As a practical reality, most Christians will not inherit the Kingdom. No one can inherit apart from being spiritually mature. Yet many think that being justified by faith qualifies them immediately, and so they see no real need for spiritual growth. Even Pentecostals are often given the impression that their initial baptism of the Holy Spirit qualifies them as inheritors. They do not understand that the infilling of the Holy Spirit is only a means to an end, and if such people do not allow the Holy Spirit to write the law in their hearts, they will remain unqualified.
The chief evidence of the law not being written on their heart is when they despise the law and search for a different standard of love which they think is superior to the law (and the nature of God). If anyone thinks that any of the laws of God lack love, he does not understand the law. He ought to get a revelation of the law to see how it manifests the nature of the God of Love, rather than reject the law as being something less than the nature of God.
One of the greatest keys is to know the difference between the two covenants. The Old Covenant puts the responsibility upon each person to write the law on his own heart by self-discipline (works). The New Covenant puts the responsibility upon God to write the law on our hearts. One way or another, the law will be written on our hearts in the end, for that is the promise of God. However, not all men—nor even all believers—have New Covenant faith in the promise of God.
Fortunately, this present lifetime is not the only opportunity for people to grow into spiritual maturity. The few will inherit life (immortality) in the first resurrection, but most will have to do so after the general resurrection when all of the dead are raised and every knee bows before Him.

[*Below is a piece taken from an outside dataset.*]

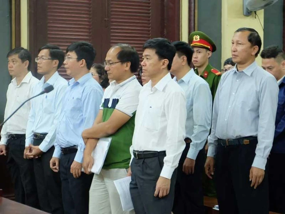 Các bị cáo tại phiên tòa. Ảnh: HOÀNG YẾN
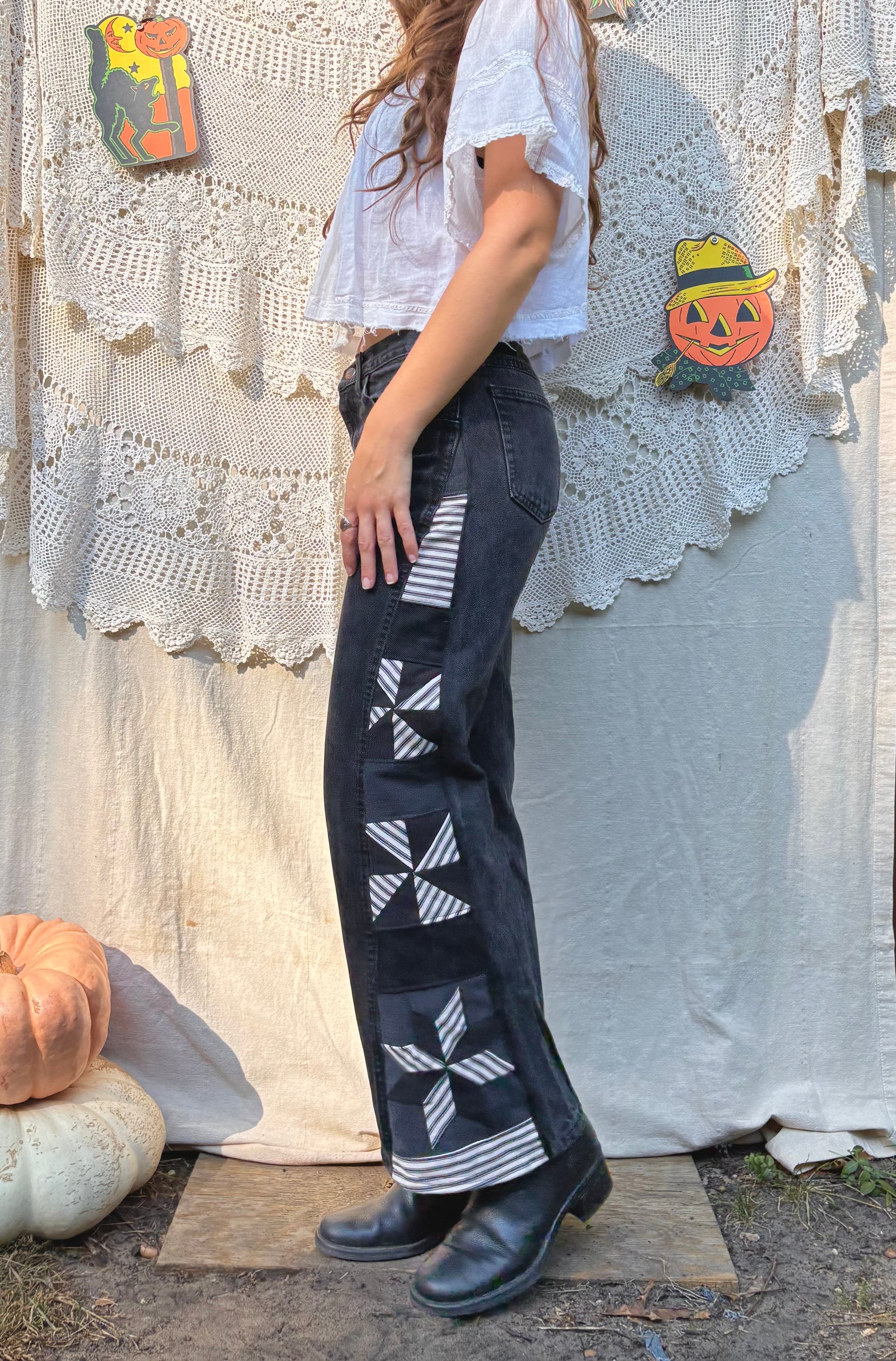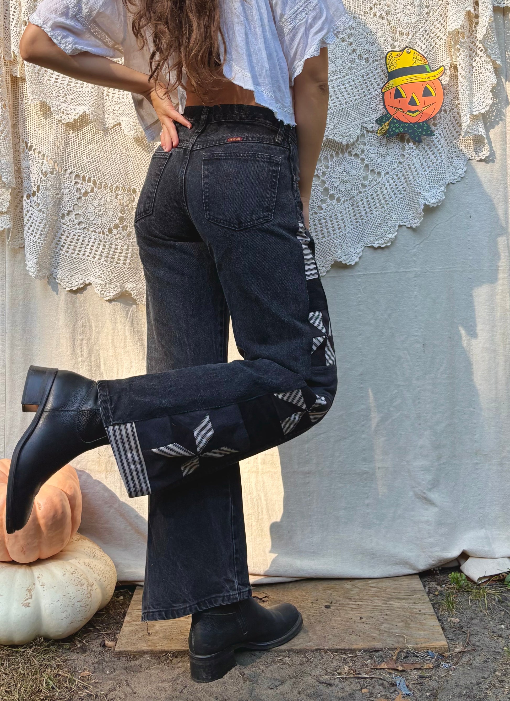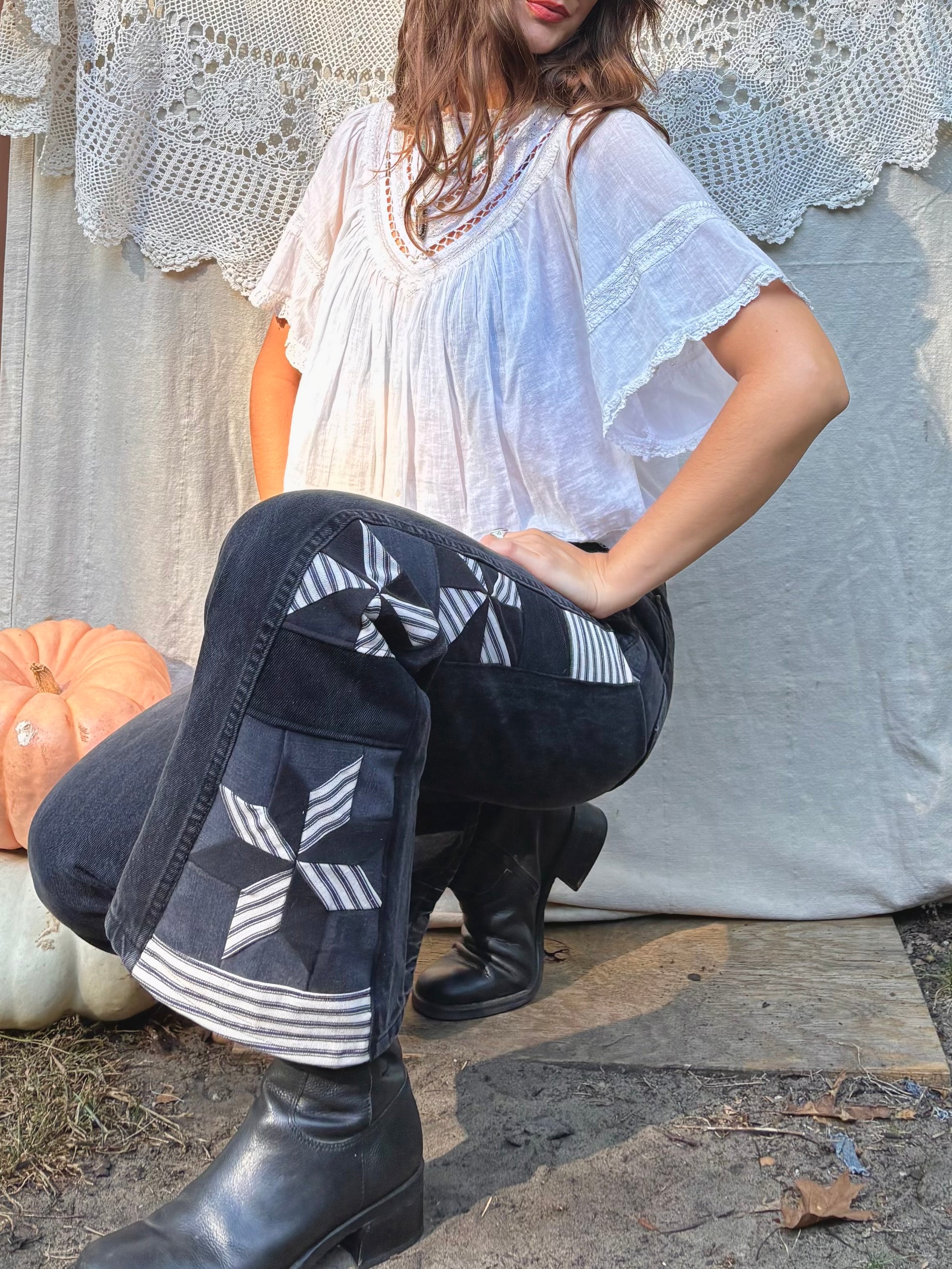 - Quilt star & pinwheel panel on side legs, constructed out of white stripe fabric and black denim fabric

The plan of God is all-inclusive, “but each in his own order” (1 Corinthians 15:23). Not everyone will come to maturity at the same time, nor will all inherit the promise together. They will come in groups or squadrons (tagma). The first group inherits at the first resurrection (Revelation 20:6); the second inherits life at the general resurrection (John 5:28, 29), and the rest of creation inherits at the Creation Jubilee at the end of time (1 Corinthians 15:27, 28).